What the task asks
Output nothing except the lines from the one containing "The Meta Yellow" through the final line of the data, both included, typed exactly, minus the pictures.
::::::
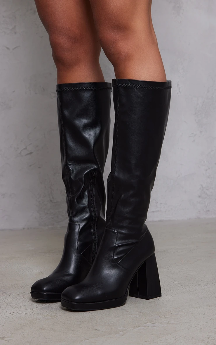 Elevate your outfit of the day with these black wide-fit slight platform high block heeled knee boots. Whether you have last-minute weekend plans or a special occasion that has been in your diary forever, these heeled knee boots are our fave choice. With a black PU material, slight platform design, and a block heel, how could you say no?
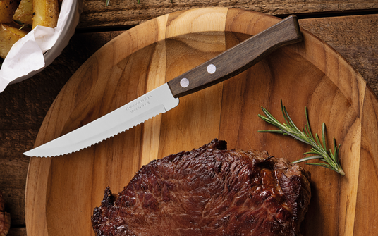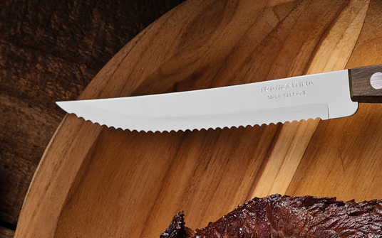With the Tramontina Tradicional 3-piece set of steak and fruit knives with stainless-steel blades and natural wood handles, you will have the right flatware to use at a barbecue and for cutting and peeling fruit for your daily routine. The knives are made with stainless-steel blades, offering a stronger cutting edge, and natural wood handles with aluminum rivets which ensure durability and special charm for your table. Tramontina flatware brings beauty and elegance!
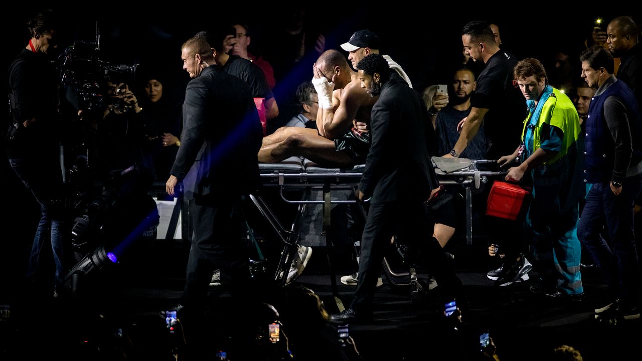23.11 Badr Hari wordt met de handen voor het gezicht op een brancard afgevoerd.
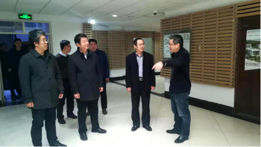 张东、王崇革一行在青岛理工大学建筑公司展评室
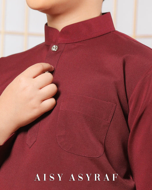 Baju Melayu Zaidan Kids - Dark Maroon
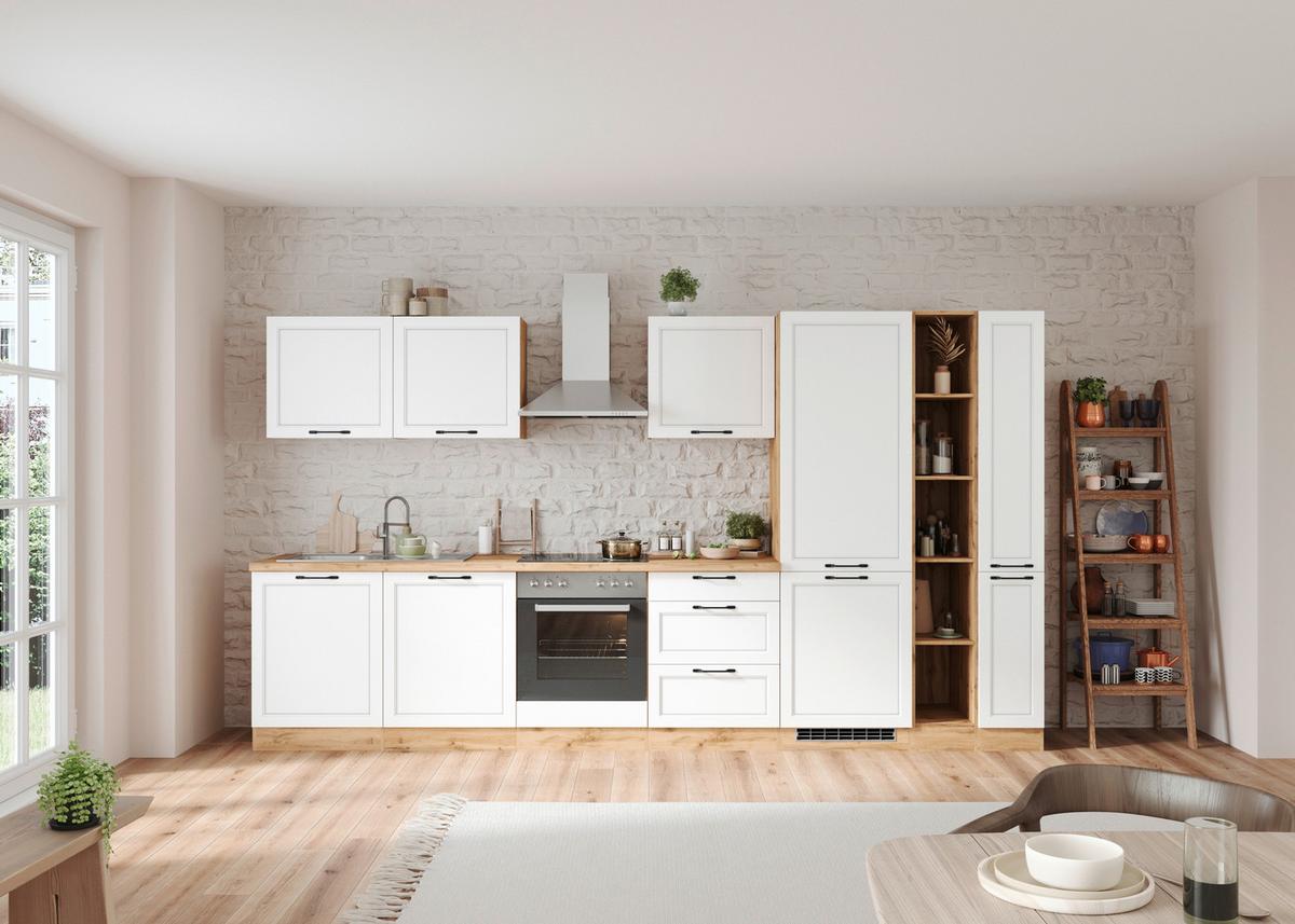 Küchenzeile Meran mit Geräten ca. 360cm Weiß/Eiche
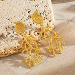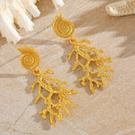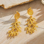 18K Gold Plated Copper Sea Snail Coral Earrings Elegant Cute Retro Hawaiian Style Beach Date Selfie Holiday Polished Finish
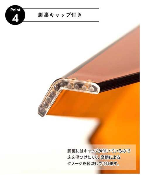 ●脚裏にはキャップが付いているので床を傷付けにくく摩擦によるダメージを軽減。
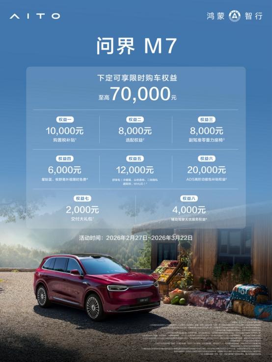 问界M7超省心,让春日自驾出游更轻松,限时权益更贴心 春天适合去更远一点的地方,看花海、逛古镇、走湖边公路,这时候一台省心的车很重要。问界M7升级全新增程系统,增程长续航版CLTC满油满电综合续航可达1690km,纯电续航327km,日常通勤和周末远行都更从容。整车风阻系数低至0.249,也进一步兼顾能耗表现。在安全方面同样值得信赖。近日,中汽中心C-NCAP公布最新测试结果:问界M7以优异成绩斩获超五星安全认证,综合得分率95.0%,为春季出游再添一份安心。面对景区停车、窄路会车这些常见场景,问界M7还拥有低至5.7m的转弯半径,掉头、挪车更轻松。再加上途灵平台带来的稳定驾乘质感,春季自驾出游会更舒服。 另外,全新问界M7夜紫新色也已正式亮相,以高级配色与细腻光影质感,让整车更具时尚格调,自驾出游时也更显品位。关键是2月27日-3月22日下定问界M7,至高可享70,000元购车权益,包含1万元购置税补贴、8000元选配权益、舒享包、ADS高阶功能包补贴等,贴心又超值。 问界M7官宣夜紫新色 问界M7新车色亮相
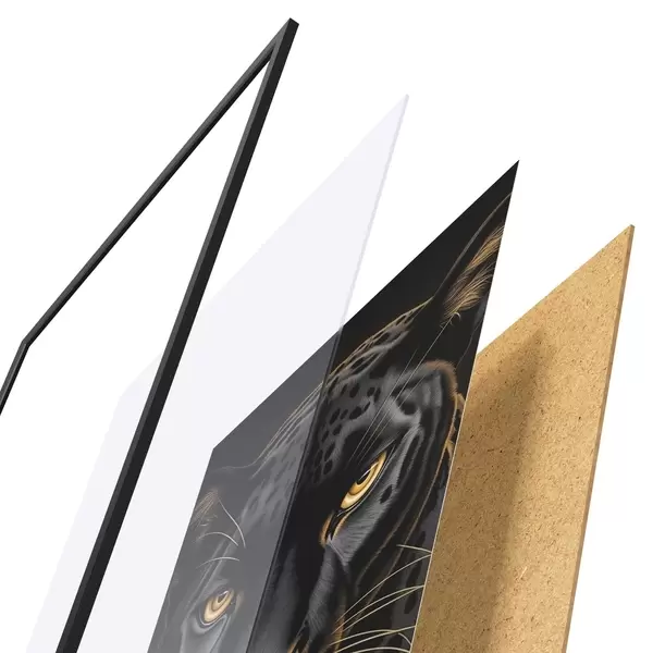 Das Poster besteht aus einem Rahmen, Plexiglas, einem gedruckten Bild und einer Rückwand aus Spanplatten. Dank der Halterungen auf der Rückseite kann das Poster sofort an die Wand gehängt werden.
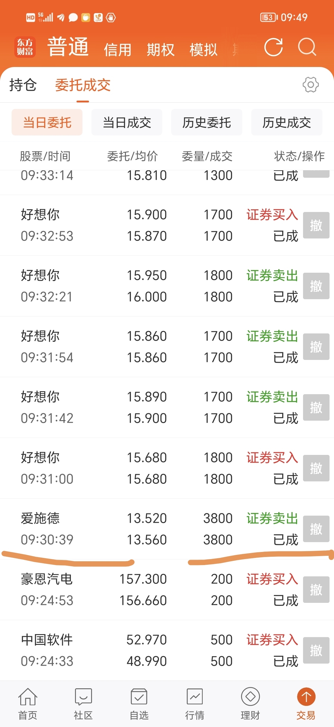 今天负数卖了爱施德,本来今天竞价买了中国软件,好想你高位卖了挺完美的,但是我总觉
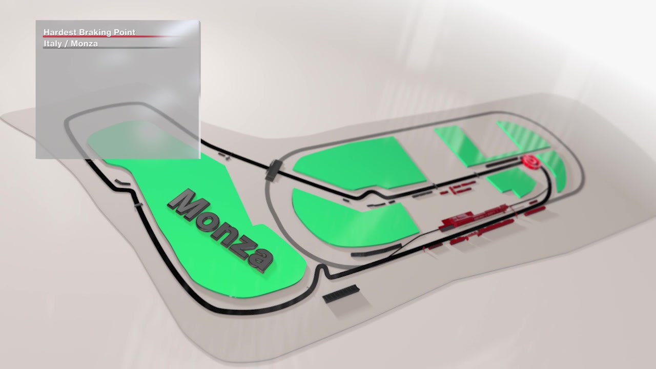 Der härteste Bremspunkt auf dem "Autodromo Nazionale Monza" liegt vor der 11. Kurve. Der Fahrer muss hier um 109 km/h auf nur 72 Metern runter bremsen. Die freigesetzte Bremsenergie beträgt 3,010 kW und auf den Fahrer wirken 6.7 g während er mit 211 kg auf die Bremse drücken muss.
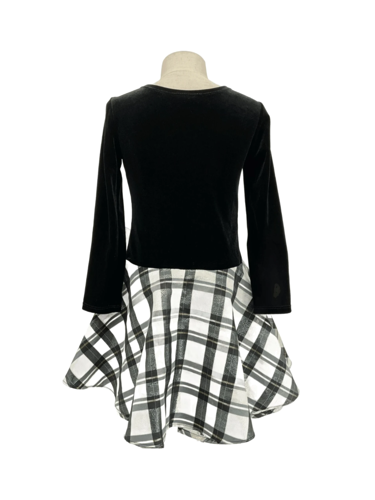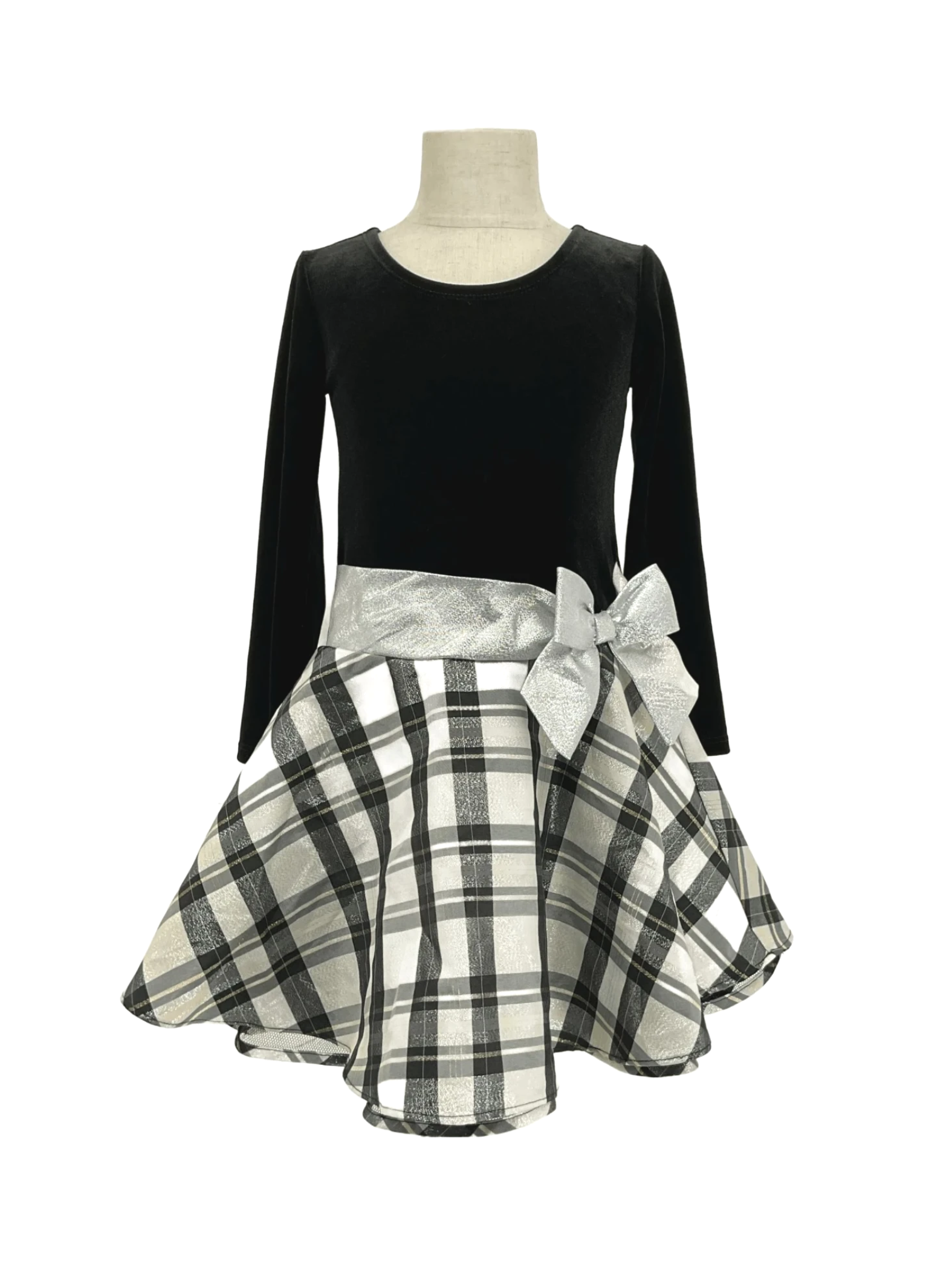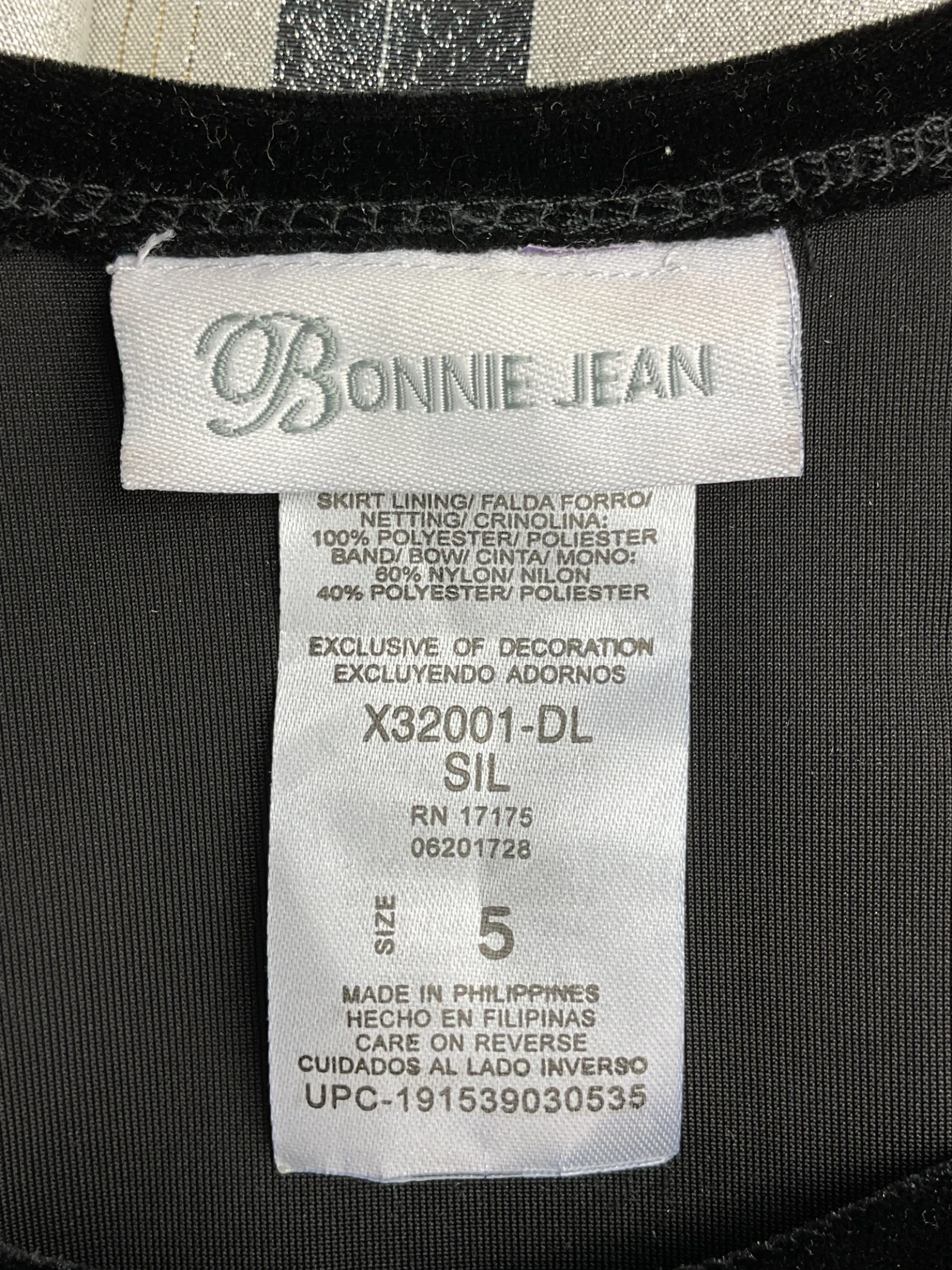 A black, gold and white dress for girls in size 5 with a bow tie.
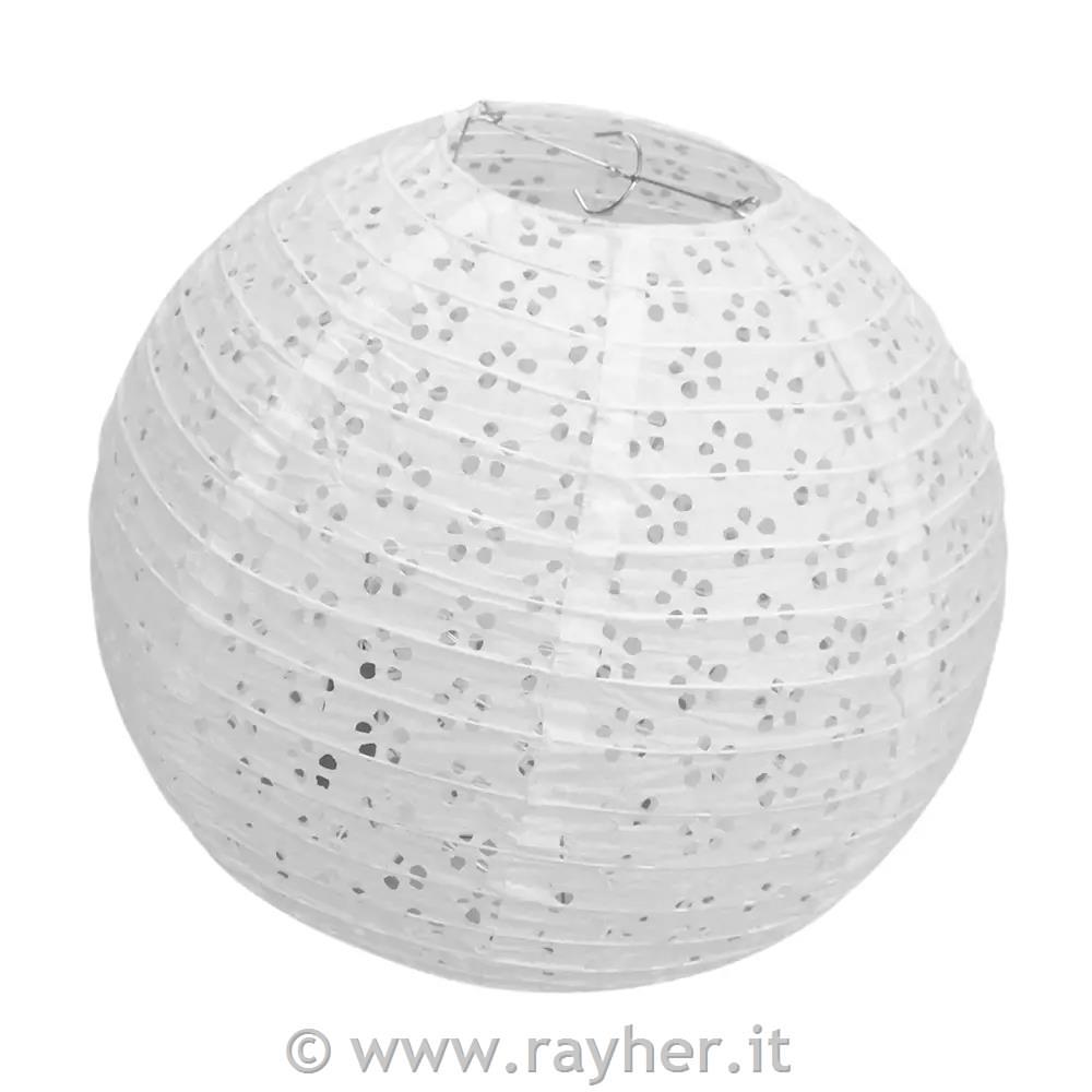Papirnati lampijon s čipko, s kovinsko žičnato konstrukcijo, premer 25 cm, ki ga lahko obesimo. Enostavno se ga sestavi in uporabi za različne dekoracije. Dodatno ga lahko okrasimo in pobarvamo.
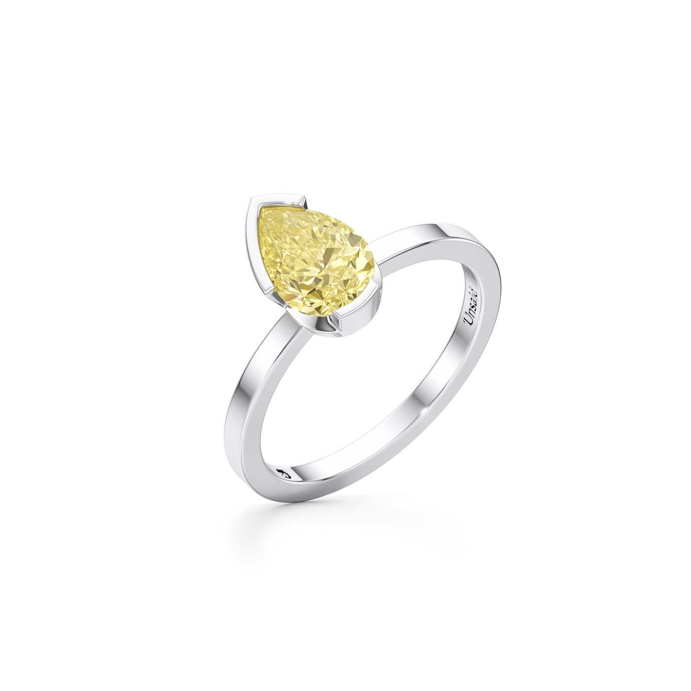 The Meta Yellow Diamond Pear Solitaire Ring reimagines the classic pear-cut diamond to express evolution in form. Crafted in a half-bezel setting that reflects light with sculptural precision, this ring captures a chapter in a personal story of becoming. All Unsaid jewels are handcrafted from lab-grown diamonds and 18K recycled gold. Powered by renewable energy, our methods and materials are certified carbon neutral.
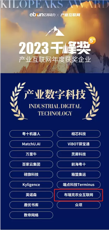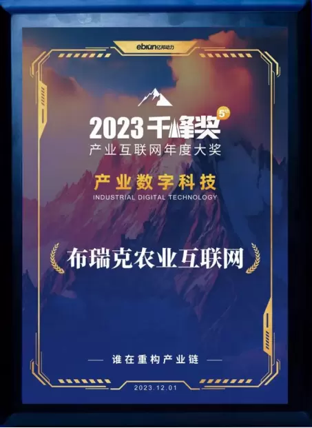 布瑞克农业互联网荣获亿邦产业互联网“2023千峰奖·产业数字科技”
::::::
Your response
 The Meta Yellow Diamond Pear Solitaire Ring reimagines the classic pear-cut diamond to express evolution in form. Crafted in a half-bezel setting that reflects light with sculptural precision, this ring captures a chapter in a personal story of becoming. All Unsaid jewels are handcrafted from lab-grown diamonds and 18K recycled gold. Powered by renewable energy, our methods and materials are certified carbon neutral.
 布瑞克农业互联网荣获亿邦产业互联网“2023千峰奖·产业数字科技”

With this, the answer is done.